Google used Bard to fire the first shot of Chat GPT. When will the Baidu version of Chat GPT be released?

Baidu | Bard | Chat GPT

Google | RLHF ERNIE Bott 

With the rapid development of deep learning, high-performance computing, data analysis, data mining, LLM, PPO, NLP and other technologies, Chat GPT has developed rapidly. Chat GPT is a large pre-trained language model developed by OpenAI, a variant of the GPT-3 model, which is trained to generate human-like textual responses in conversations.

In order to occupy a favorable position in the ChatGPT market, giant companies such as Baidu and Google are also strategizing and developing continuously.

As a well-known domestic manufacturer of liquid-cooled servers, Blue Ocean Brain Chat GPT deep learning all-in-one machine has realized the in-depth optimization of software and hardware collaboration, made important breakthroughs in key technologies such as distributed storage acceleration and intelligent network acceleration, and provided better cloud system performance . The NVMe-specific acceleration engine is used to give full play to the extreme performance of NVMe, and the full-stack data transmission channel realizes zero loss in data transmission of distributed storage copies.
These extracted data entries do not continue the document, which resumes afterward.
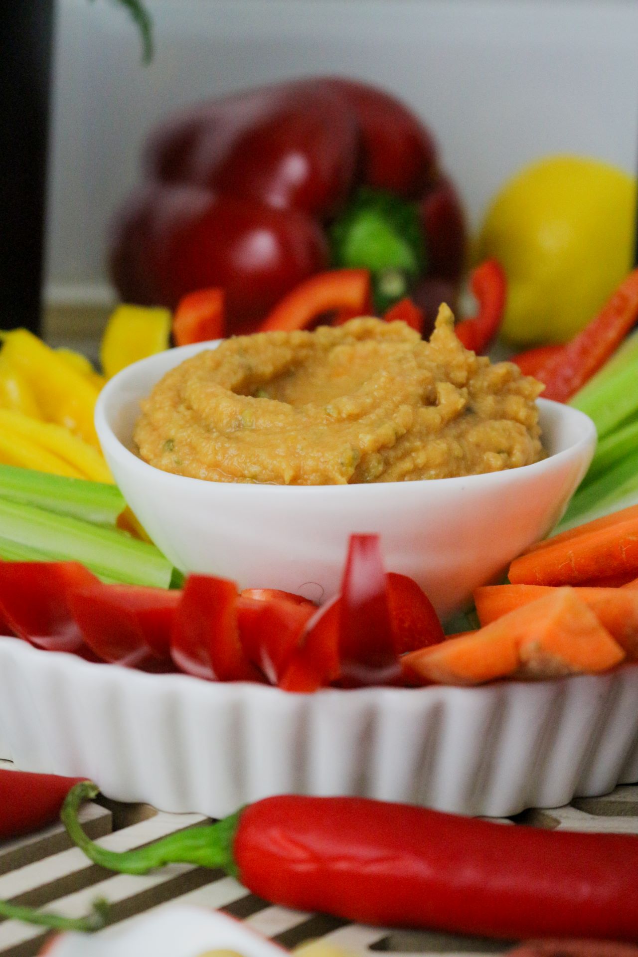 Traškios daržovės su keptų pomidorų humusu
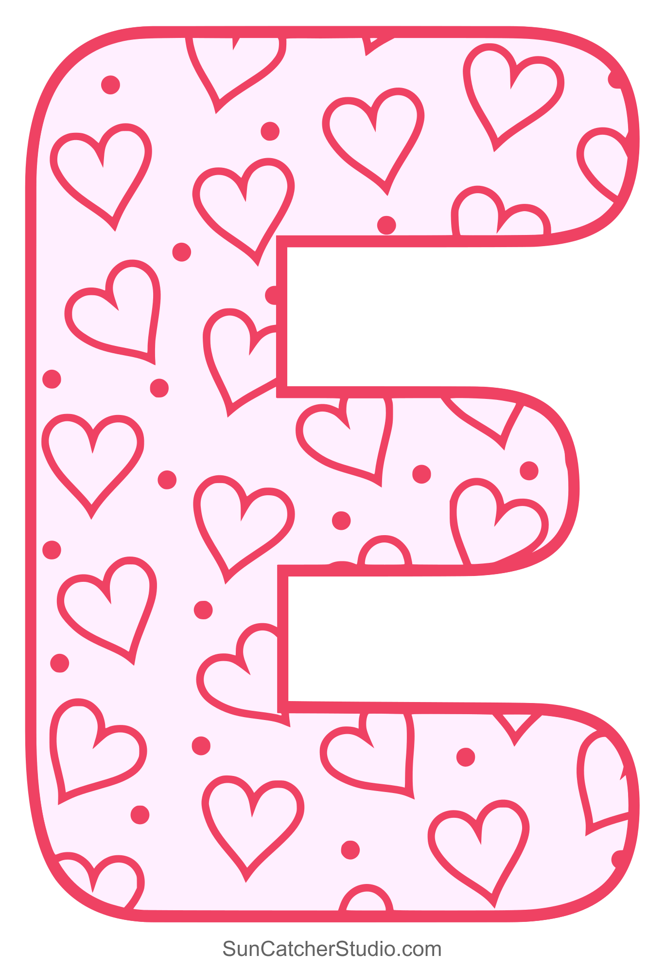 E - letter stencil. Heart, Valentine's Day, red, hearts, love, monogram, font, free, printable, holiday, alphabet, abc, letter, lettering, pattern, template, stencil, outline, printable, clipart, decoration, design, vector, svg, print, download.
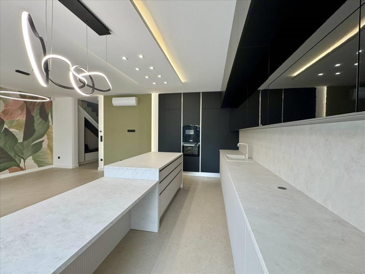 A belső elosztás átgondolt: tágas nappali, étkező és gépesített, minőségi konyhabútorral felszerelt konyha, három kényelmes hálószoba, három elegáns fürdőszoba, gardrób, háztartási helyiség és dupla garázs található benne.
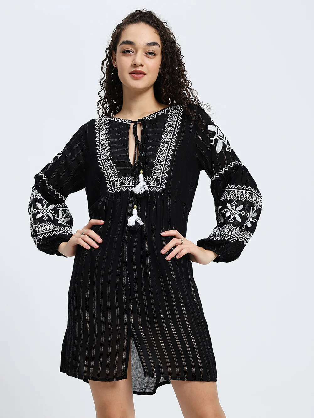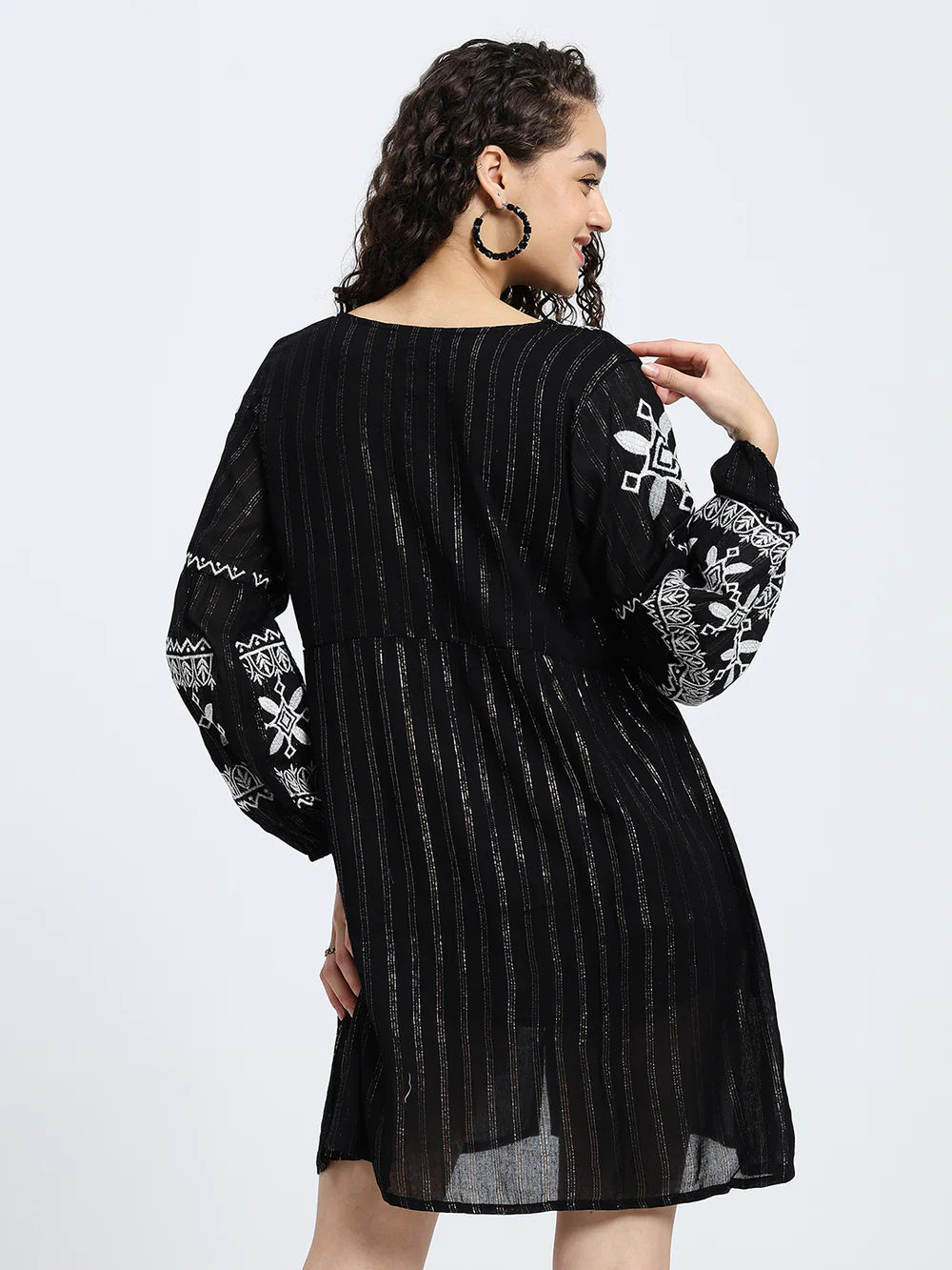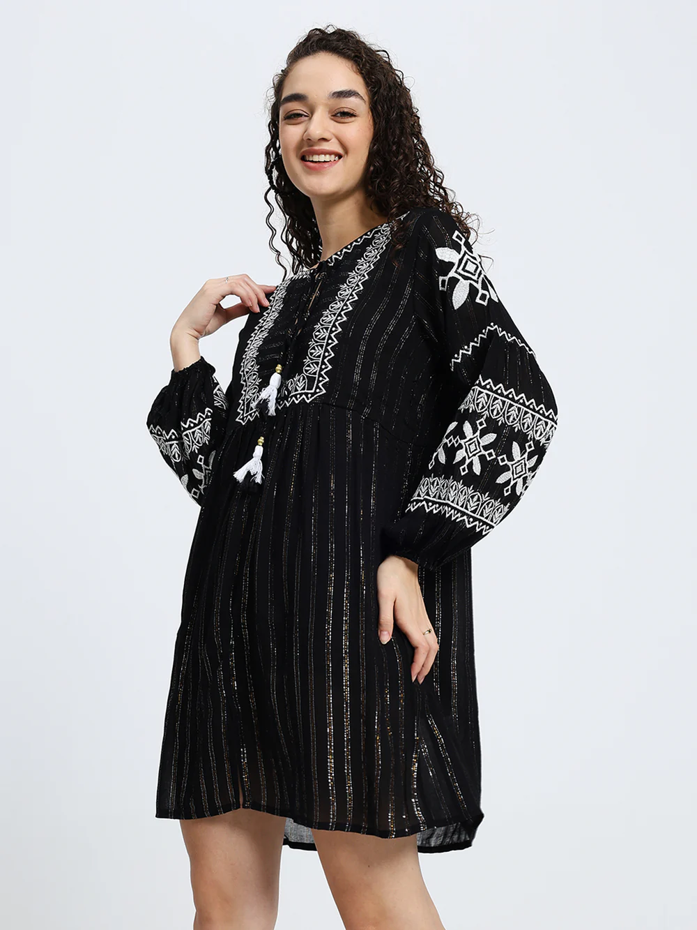 Lurex Embroidered Short Dress in Black

At the same time, upgrading the intelligent network engine, virtual scheduling through more types of network cards, and releasing CPU performance can save up to 90% of computing resources, increase the network forwarding rate several times, and further improve platform performance. favorite.

ChatGPT training process

On the overall technical route, Chat GPT introduces "manually labeled data + reinforcement learning" (RLHF, reinforcement learning from human feedback) to continuously Fine-tune the pre-training language model. The main purpose is to let the LLM model learn to understand the meaning of human commands (such as writing a short text to generate questions, knowledge answer questions, brainstorming questions and other types of commands), so that LLM can learn to judge the input instructions for a given prompt (the user's question ) What kind of answer is high-quality (rich in information, rich in content, helpful to users, harmless, and does not contain discriminatory information, etc.).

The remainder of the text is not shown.